**YOUR OBJECTIVE:** Output the data below only from the line containing "Certified Round Diamond" up to and including the line containing "adults and children.", exact and with the pictures left out.

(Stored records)

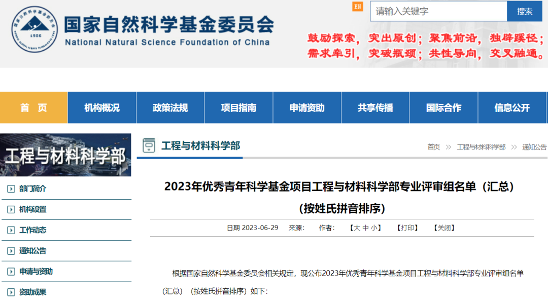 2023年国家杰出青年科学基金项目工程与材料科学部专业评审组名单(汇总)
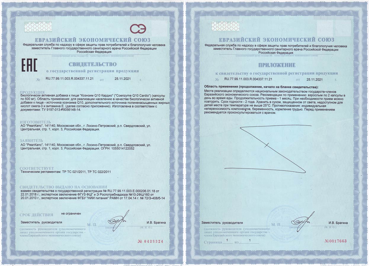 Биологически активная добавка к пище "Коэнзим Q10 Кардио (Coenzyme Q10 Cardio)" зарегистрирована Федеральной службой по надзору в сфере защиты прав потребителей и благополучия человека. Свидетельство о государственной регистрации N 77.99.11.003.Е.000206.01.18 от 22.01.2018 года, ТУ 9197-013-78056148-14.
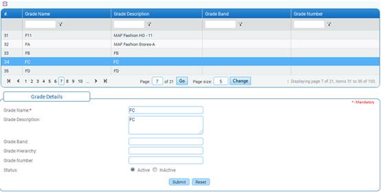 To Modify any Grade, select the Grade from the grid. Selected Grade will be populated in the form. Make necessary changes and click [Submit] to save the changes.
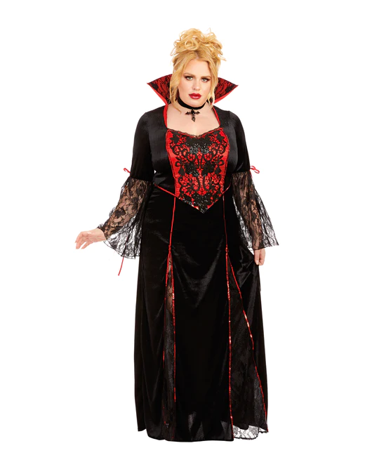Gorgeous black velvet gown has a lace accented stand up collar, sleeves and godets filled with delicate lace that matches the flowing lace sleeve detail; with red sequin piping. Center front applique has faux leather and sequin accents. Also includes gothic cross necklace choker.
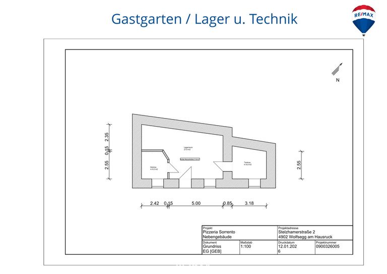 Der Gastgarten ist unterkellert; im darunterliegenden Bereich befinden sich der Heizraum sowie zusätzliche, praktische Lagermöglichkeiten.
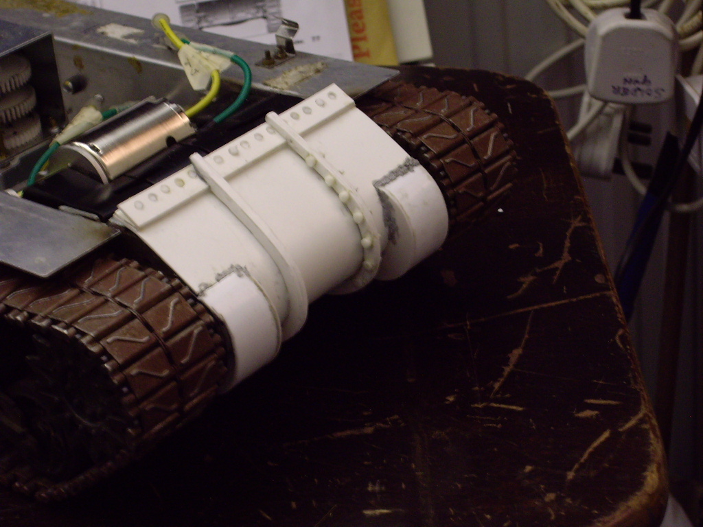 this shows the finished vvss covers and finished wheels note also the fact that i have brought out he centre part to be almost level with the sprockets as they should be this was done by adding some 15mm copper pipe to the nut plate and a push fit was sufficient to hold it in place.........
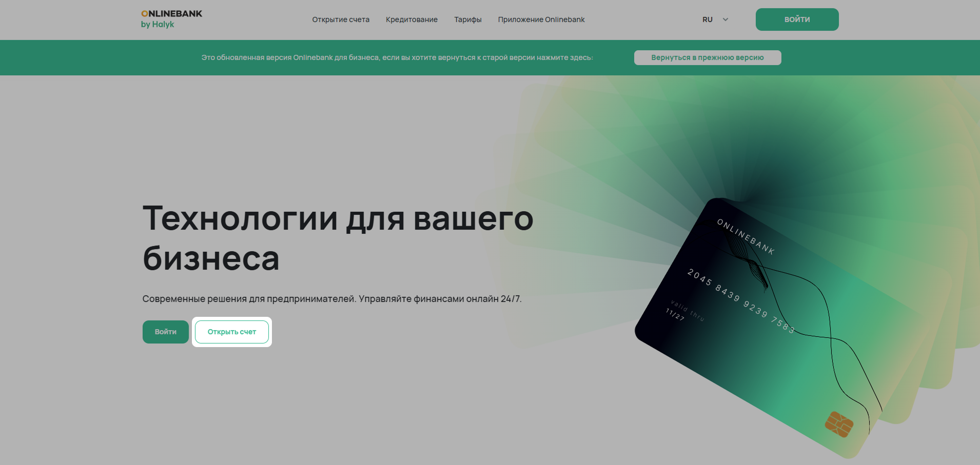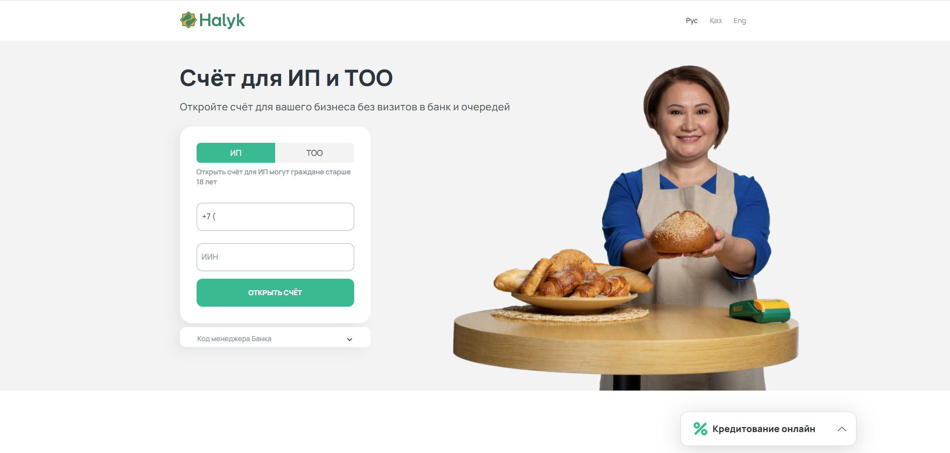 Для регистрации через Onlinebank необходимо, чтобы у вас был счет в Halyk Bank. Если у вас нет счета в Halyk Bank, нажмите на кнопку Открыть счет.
* * *
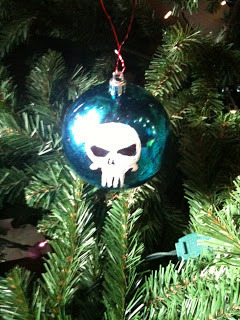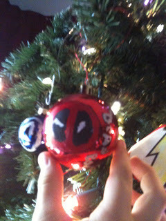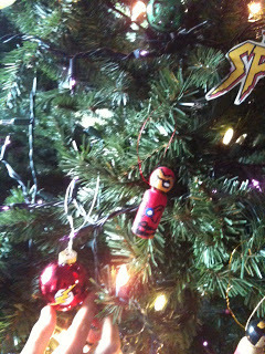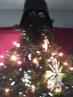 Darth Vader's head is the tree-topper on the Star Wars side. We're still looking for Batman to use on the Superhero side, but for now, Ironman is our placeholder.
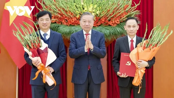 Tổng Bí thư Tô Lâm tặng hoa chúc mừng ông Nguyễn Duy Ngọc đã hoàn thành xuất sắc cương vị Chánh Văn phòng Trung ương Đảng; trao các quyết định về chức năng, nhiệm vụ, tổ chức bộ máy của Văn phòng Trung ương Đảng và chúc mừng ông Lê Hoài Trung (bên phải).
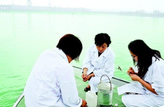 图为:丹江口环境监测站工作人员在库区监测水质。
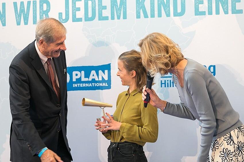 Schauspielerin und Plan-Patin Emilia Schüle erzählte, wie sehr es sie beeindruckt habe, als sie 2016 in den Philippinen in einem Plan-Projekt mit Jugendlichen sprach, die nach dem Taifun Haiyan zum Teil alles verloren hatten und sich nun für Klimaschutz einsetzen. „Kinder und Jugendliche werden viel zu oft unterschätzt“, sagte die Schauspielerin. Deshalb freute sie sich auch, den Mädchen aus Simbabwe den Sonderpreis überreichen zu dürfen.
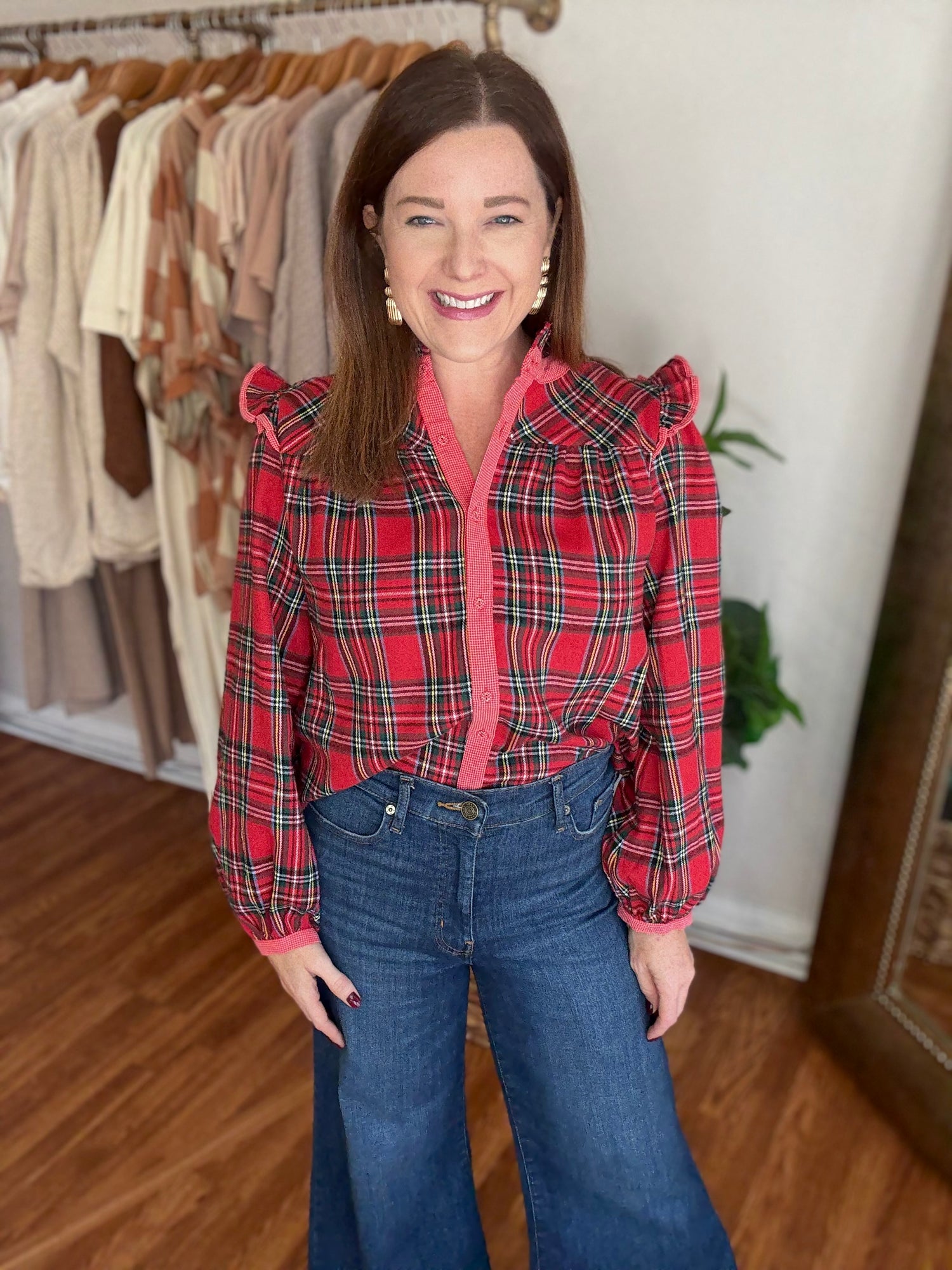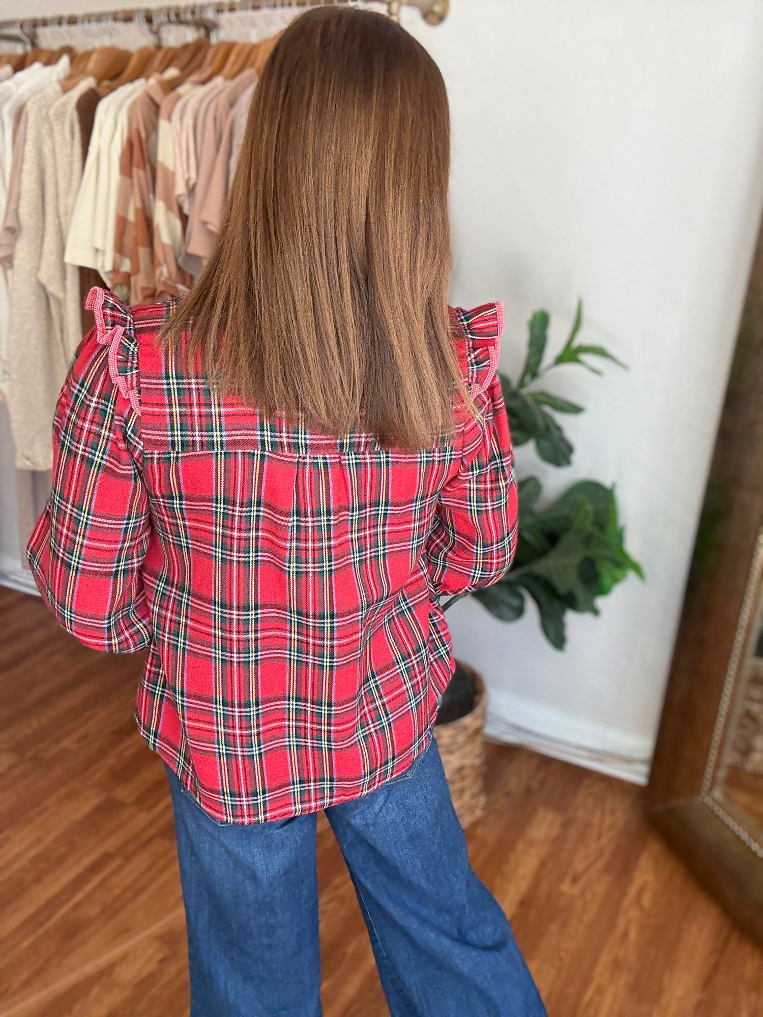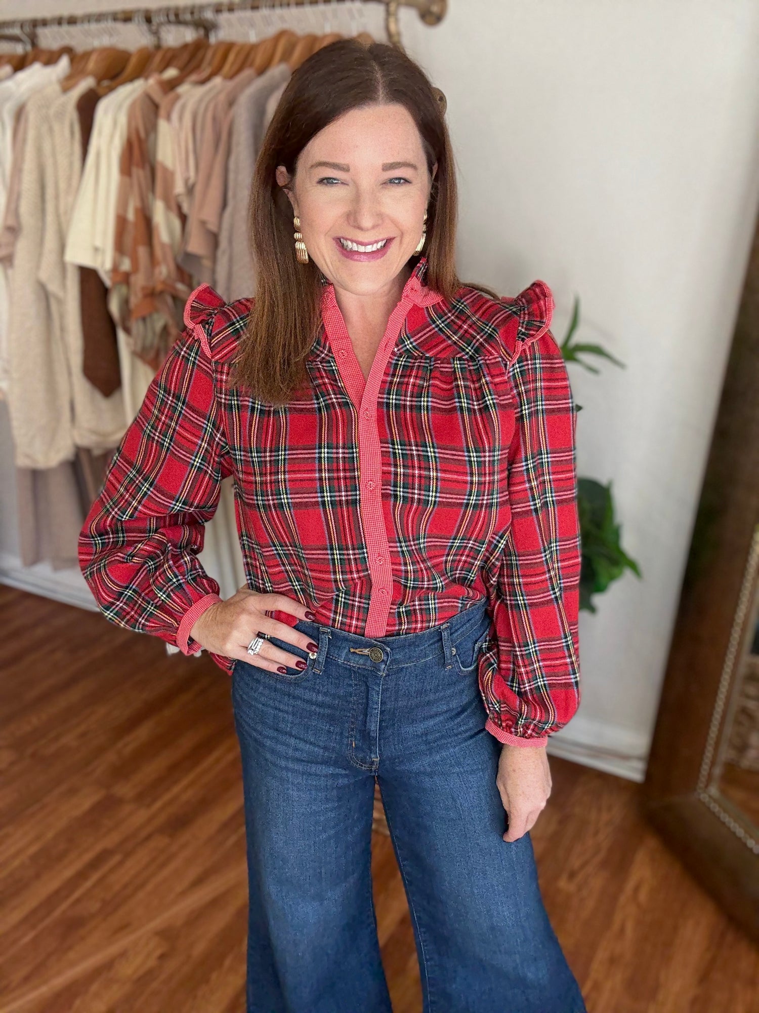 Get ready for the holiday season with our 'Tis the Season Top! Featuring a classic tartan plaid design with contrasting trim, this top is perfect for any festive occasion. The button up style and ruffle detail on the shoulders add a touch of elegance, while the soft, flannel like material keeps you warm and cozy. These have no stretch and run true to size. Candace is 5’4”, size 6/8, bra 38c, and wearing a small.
==
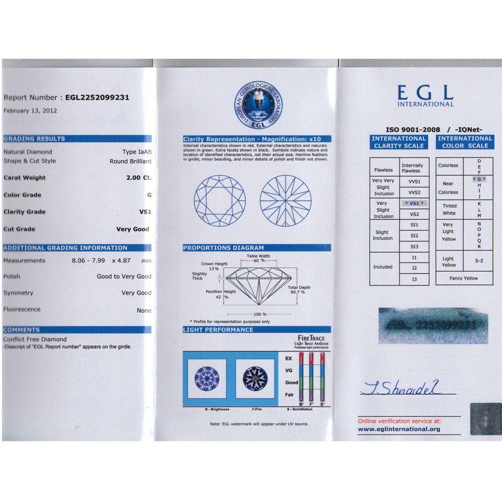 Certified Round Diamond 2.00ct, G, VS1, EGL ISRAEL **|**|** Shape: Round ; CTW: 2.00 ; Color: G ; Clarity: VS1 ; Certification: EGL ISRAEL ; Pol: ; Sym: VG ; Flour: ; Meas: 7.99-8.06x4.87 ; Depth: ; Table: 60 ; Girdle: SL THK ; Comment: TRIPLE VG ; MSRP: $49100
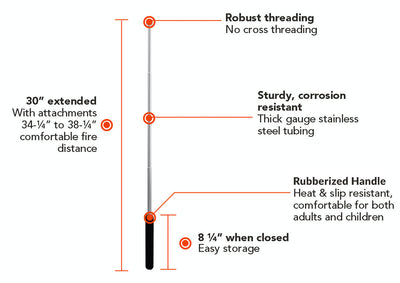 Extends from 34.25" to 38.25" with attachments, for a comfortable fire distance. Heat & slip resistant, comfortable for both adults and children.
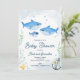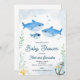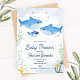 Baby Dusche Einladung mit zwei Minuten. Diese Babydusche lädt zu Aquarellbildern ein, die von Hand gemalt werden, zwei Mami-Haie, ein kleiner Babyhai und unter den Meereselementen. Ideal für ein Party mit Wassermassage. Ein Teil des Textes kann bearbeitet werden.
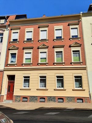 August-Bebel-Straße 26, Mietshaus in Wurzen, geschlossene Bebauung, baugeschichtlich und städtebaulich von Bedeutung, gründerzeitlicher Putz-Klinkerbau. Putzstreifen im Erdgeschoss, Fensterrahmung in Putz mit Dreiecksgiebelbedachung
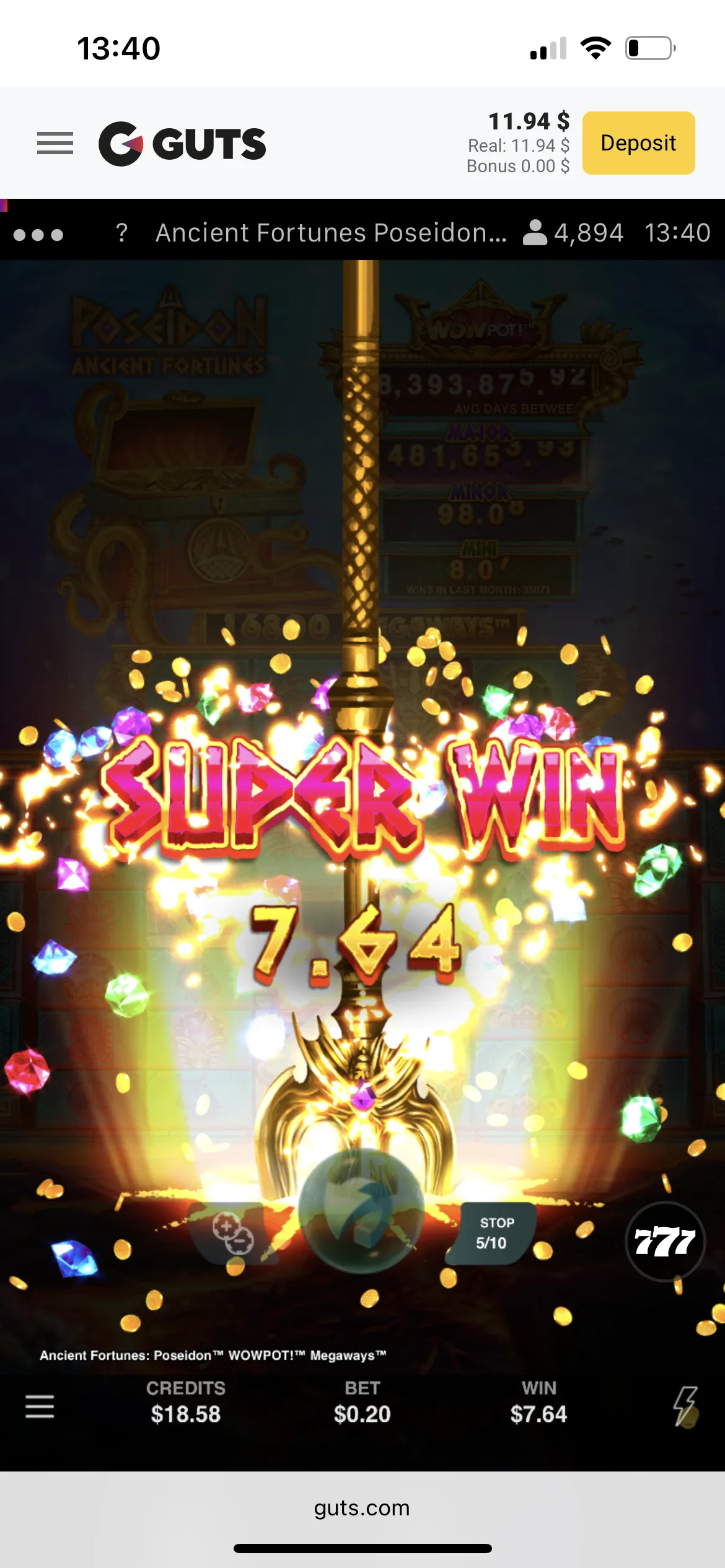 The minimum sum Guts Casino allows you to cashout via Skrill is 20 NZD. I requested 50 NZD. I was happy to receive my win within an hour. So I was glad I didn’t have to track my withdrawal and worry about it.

**ANSWER TO THIS PROBLEM:**
 Certified Round Diamond 2.00ct, G, VS1, EGL ISRAEL **|**|** Shape: Round ; CTW: 2.00 ; Color: G ; Clarity: VS1 ; Certification: EGL ISRAEL ; Pol: ; Sym: VG ; Flour: ; Meas: 7.99-8.06x4.87 ; Depth: ; Table: 60 ; Girdle: SL THK ; Comment: TRIPLE VG ; MSRP: $49100
 Extends from 34.25" to 38.25" with attachments, for a comfortable fire distance. Heat & slip resistant, comfortable for both adults and children.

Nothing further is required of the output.